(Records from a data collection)
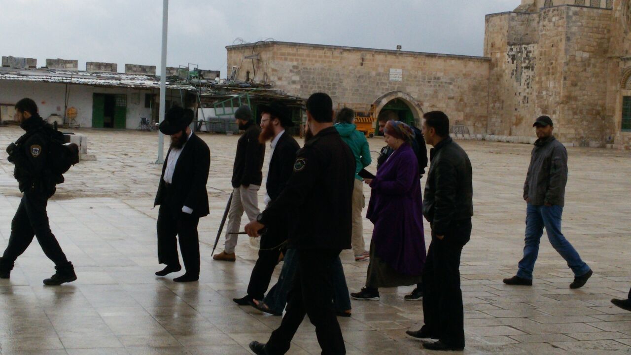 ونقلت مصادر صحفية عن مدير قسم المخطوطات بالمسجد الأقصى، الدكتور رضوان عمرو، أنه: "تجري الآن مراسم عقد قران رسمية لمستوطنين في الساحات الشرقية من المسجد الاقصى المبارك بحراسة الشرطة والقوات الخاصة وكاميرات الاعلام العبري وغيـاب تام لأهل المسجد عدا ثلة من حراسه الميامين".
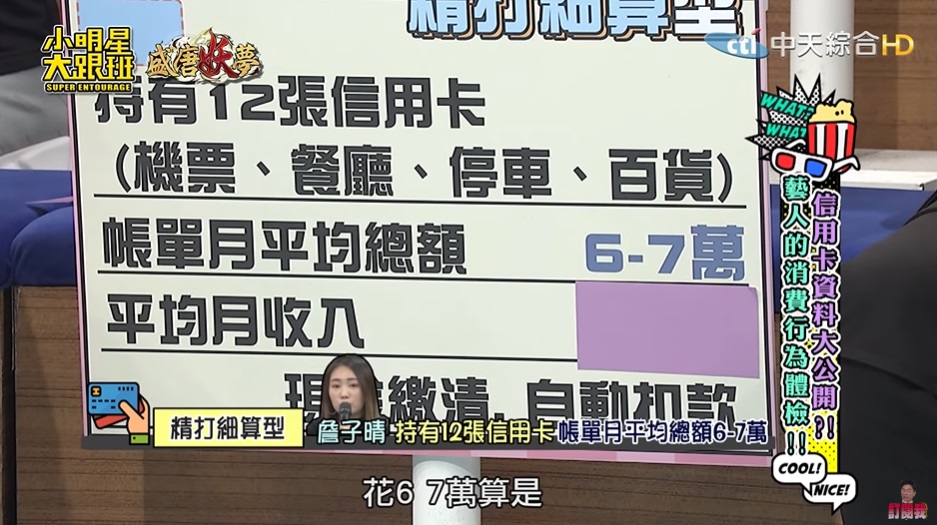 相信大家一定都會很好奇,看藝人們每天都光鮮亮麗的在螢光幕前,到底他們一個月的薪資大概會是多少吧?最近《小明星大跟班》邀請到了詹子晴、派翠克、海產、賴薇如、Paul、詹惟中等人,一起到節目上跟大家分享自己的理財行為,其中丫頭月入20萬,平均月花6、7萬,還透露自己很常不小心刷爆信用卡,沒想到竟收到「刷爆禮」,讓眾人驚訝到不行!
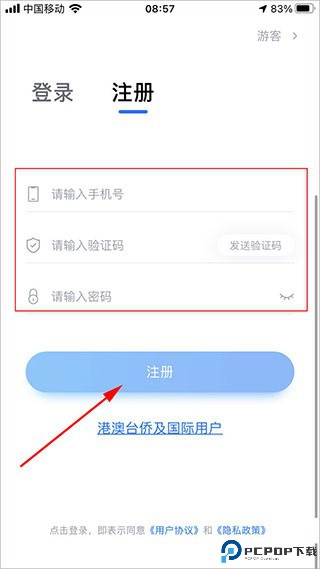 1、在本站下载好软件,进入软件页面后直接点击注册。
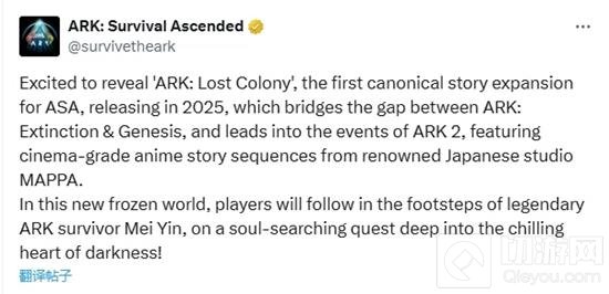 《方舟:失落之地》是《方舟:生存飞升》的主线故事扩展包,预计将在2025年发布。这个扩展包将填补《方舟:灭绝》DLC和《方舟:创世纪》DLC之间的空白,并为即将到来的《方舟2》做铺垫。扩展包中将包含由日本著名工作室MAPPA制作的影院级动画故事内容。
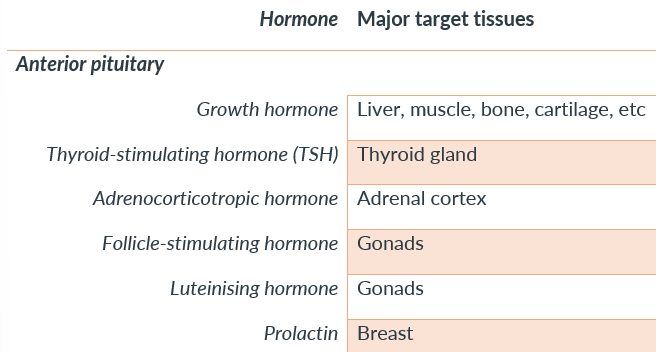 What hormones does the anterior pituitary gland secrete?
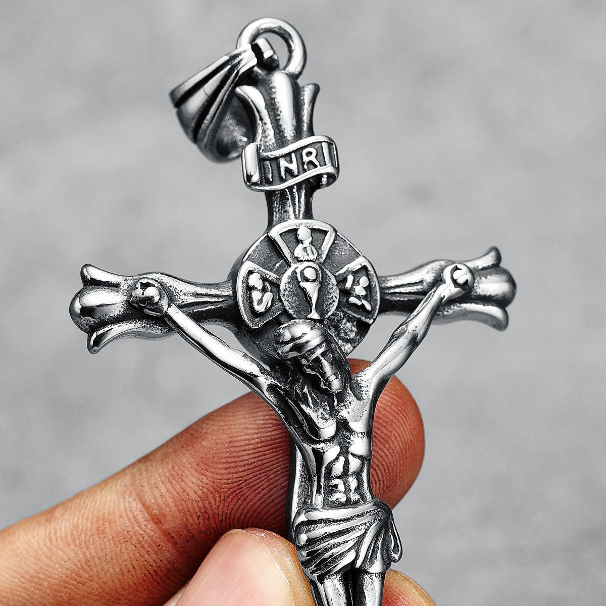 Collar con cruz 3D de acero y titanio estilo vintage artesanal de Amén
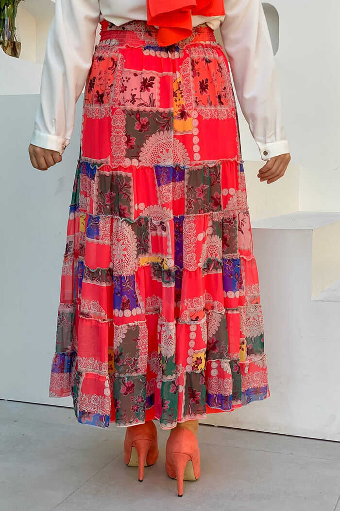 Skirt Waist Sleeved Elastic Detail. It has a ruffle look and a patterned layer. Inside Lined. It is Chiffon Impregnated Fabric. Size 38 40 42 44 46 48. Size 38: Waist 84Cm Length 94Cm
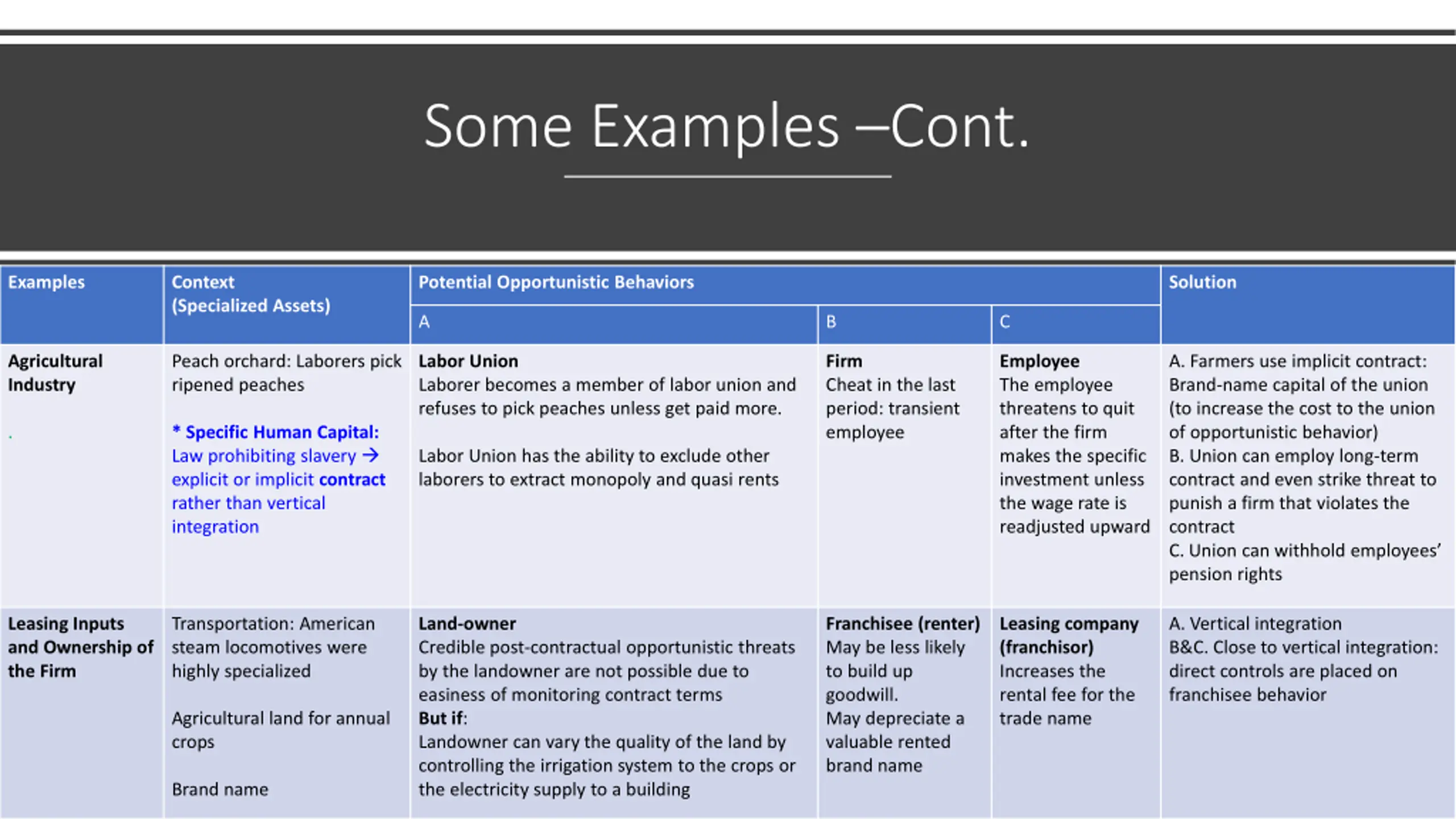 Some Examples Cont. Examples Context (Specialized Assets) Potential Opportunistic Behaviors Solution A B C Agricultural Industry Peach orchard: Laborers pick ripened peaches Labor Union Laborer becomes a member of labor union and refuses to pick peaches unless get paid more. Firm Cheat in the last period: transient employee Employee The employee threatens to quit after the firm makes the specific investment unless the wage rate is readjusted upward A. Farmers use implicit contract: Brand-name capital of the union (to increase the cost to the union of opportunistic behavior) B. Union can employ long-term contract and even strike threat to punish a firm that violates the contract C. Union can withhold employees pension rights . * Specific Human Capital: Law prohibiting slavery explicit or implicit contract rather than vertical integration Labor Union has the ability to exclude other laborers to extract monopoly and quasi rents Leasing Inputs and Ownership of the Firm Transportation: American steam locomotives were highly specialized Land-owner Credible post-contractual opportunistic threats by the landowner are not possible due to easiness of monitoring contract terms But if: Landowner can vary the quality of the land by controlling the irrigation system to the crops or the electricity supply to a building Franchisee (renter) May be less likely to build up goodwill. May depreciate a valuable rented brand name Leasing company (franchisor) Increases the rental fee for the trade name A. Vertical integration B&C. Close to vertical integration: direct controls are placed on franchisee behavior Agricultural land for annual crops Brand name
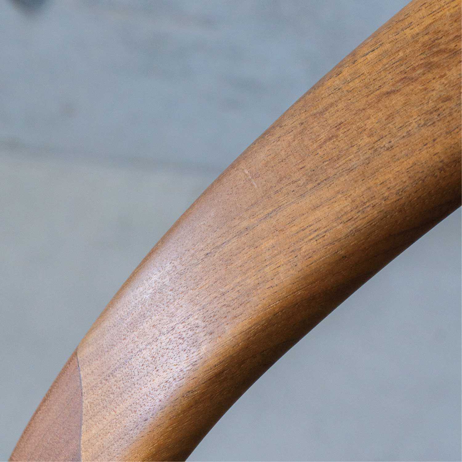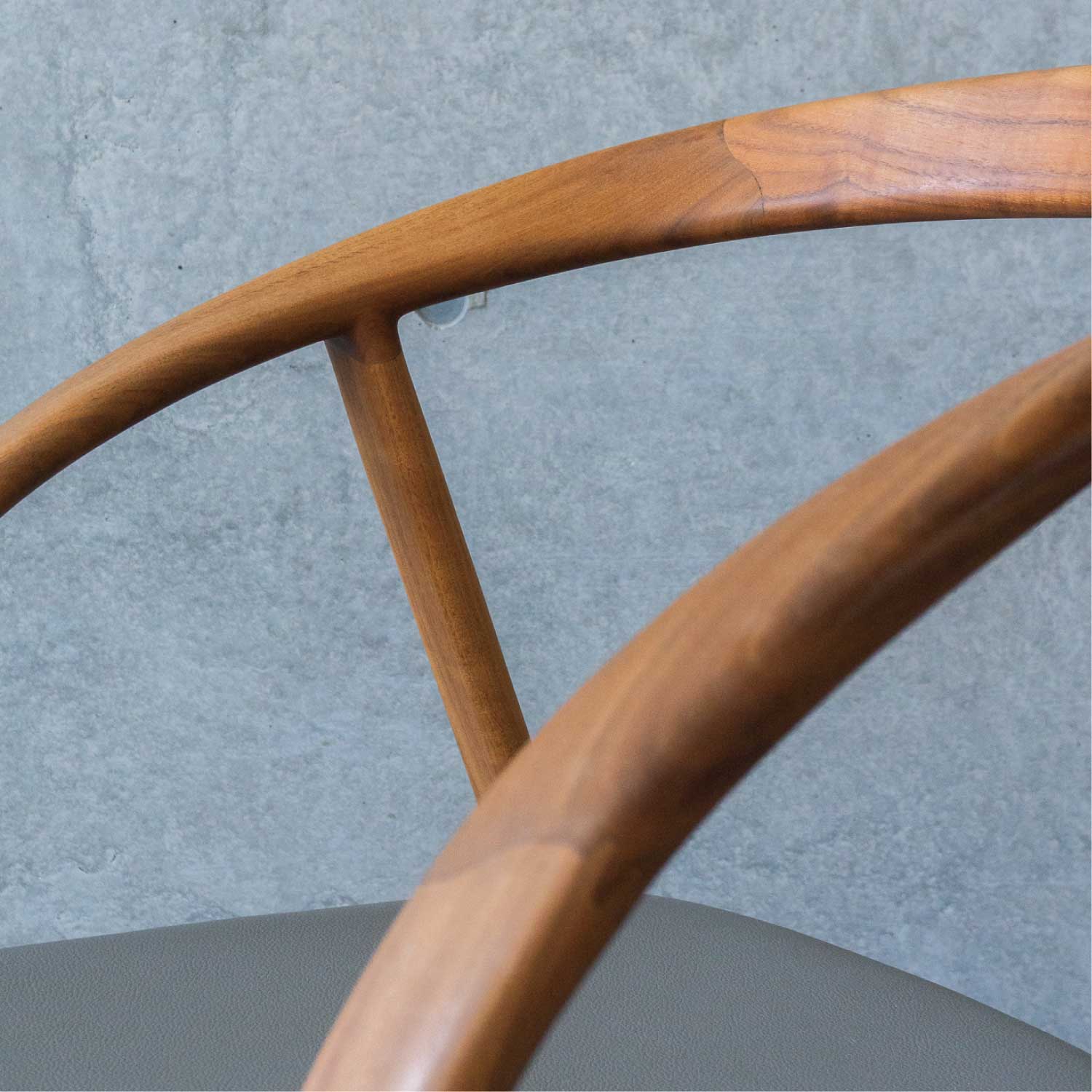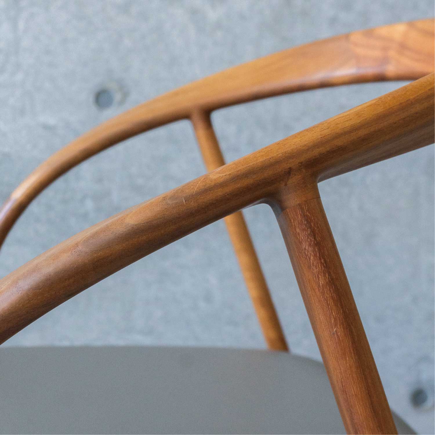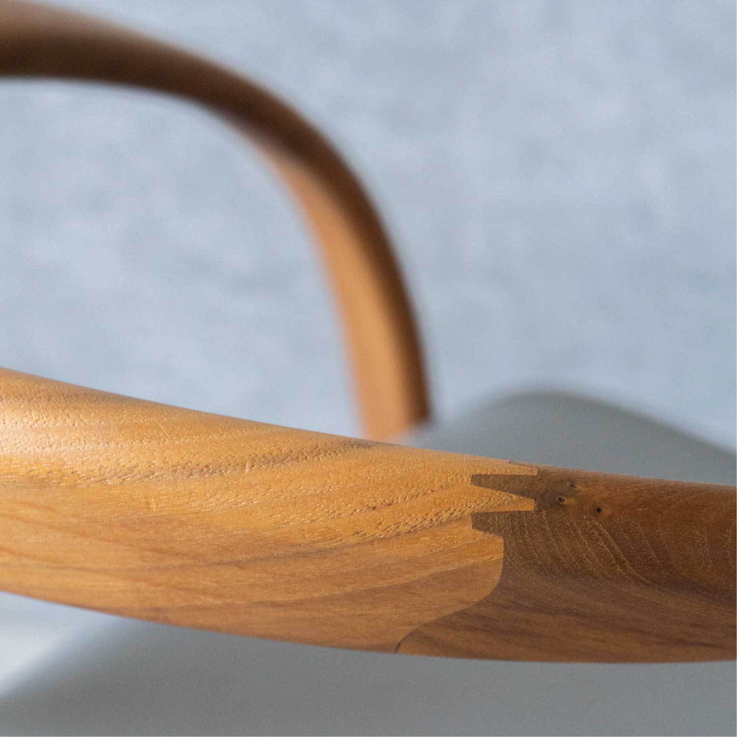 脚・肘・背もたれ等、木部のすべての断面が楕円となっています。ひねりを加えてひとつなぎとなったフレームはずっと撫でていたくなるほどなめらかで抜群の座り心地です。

> Activity: Every entry above needs to be duplicated precisely, and none of the pictures should appear.

> Task result:
 ونقلت مصادر صحفية عن مدير قسم المخطوطات بالمسجد الأقصى، الدكتور رضوان عمرو، أنه: "تجري الآن مراسم عقد قران رسمية لمستوطنين في الساحات الشرقية من المسجد الاقصى المبارك بحراسة الشرطة والقوات الخاصة وكاميرات الاعلام العبري وغيـاب تام لأهل المسجد عدا ثلة من حراسه الميامين".
 相信大家一定都會很好奇,看藝人們每天都光鮮亮麗的在螢光幕前,到底他們一個月的薪資大概會是多少吧?最近《小明星大跟班》邀請到了詹子晴、派翠克、海產、賴薇如、Paul、詹惟中等人,一起到節目上跟大家分享自己的理財行為,其中丫頭月入20萬,平均月花6、7萬,還透露自己很常不小心刷爆信用卡,沒想到竟收到「刷爆禮」,讓眾人驚訝到不行!
 1、在本站下载好软件,进入软件页面后直接点击注册。
 《方舟:失落之地》是《方舟:生存飞升》的主线故事扩展包,预计将在2025年发布。这个扩展包将填补《方舟:灭绝》DLC和《方舟:创世纪》DLC之间的空白,并为即将到来的《方舟2》做铺垫。扩展包中将包含由日本著名工作室MAPPA制作的影院级动画故事内容。
 What hormones does the anterior pituitary gland secrete?
 Collar con cruz 3D de acero y titanio estilo vintage artesanal de Amén
 Skirt Waist Sleeved Elastic Detail. It has a ruffle look and a patterned layer. Inside Lined. It is Chiffon Impregnated Fabric. Size 38 40 42 44 46 48. Size 38: Waist 84Cm Length 94Cm
 Some Examples Cont. Examples Context (Specialized Assets) Potential Opportunistic Behaviors Solution A B C Agricultural Industry Peach orchard: Laborers pick ripened peaches Labor Union Laborer becomes a member of labor union and refuses to pick peaches unless get paid more. Firm Cheat in the last period: transient employee Employee The employee threatens to quit after the firm makes the specific investment unless the wage rate is readjusted upward A. Farmers use implicit contract: Brand-name capital of the union (to increase the cost to the union of opportunistic behavior) B. Union can employ long-term contract and even strike threat to punish a firm that violates the contract C. Union can withhold employees pension rights . * Specific Human Capital: Law prohibiting slavery explicit or implicit contract rather than vertical integration Labor Union has the ability to exclude other laborers to extract monopoly and quasi rents Leasing Inputs and Ownership of the Firm Transportation: American steam locomotives were highly specialized Land-owner Credible post-contractual opportunistic threats by the landowner are not possible due to easiness of monitoring contract terms But if: Landowner can vary the quality of the land by controlling the irrigation system to the crops or the electricity supply to a building Franchisee (renter) May be less likely to build up goodwill. May depreciate a valuable rented brand name Leasing company (franchisor) Increases the rental fee for the trade name A. Vertical integration B&C. Close to vertical integration: direct controls are placed on franchisee behavior Agricultural land for annual crops Brand name
 脚・肘・背もたれ等、木部のすべての断面が楕円となっています。ひねりを加えてひとつなぎとなったフレームはずっと撫でていたくなるほどなめらかで抜群の座り心地です。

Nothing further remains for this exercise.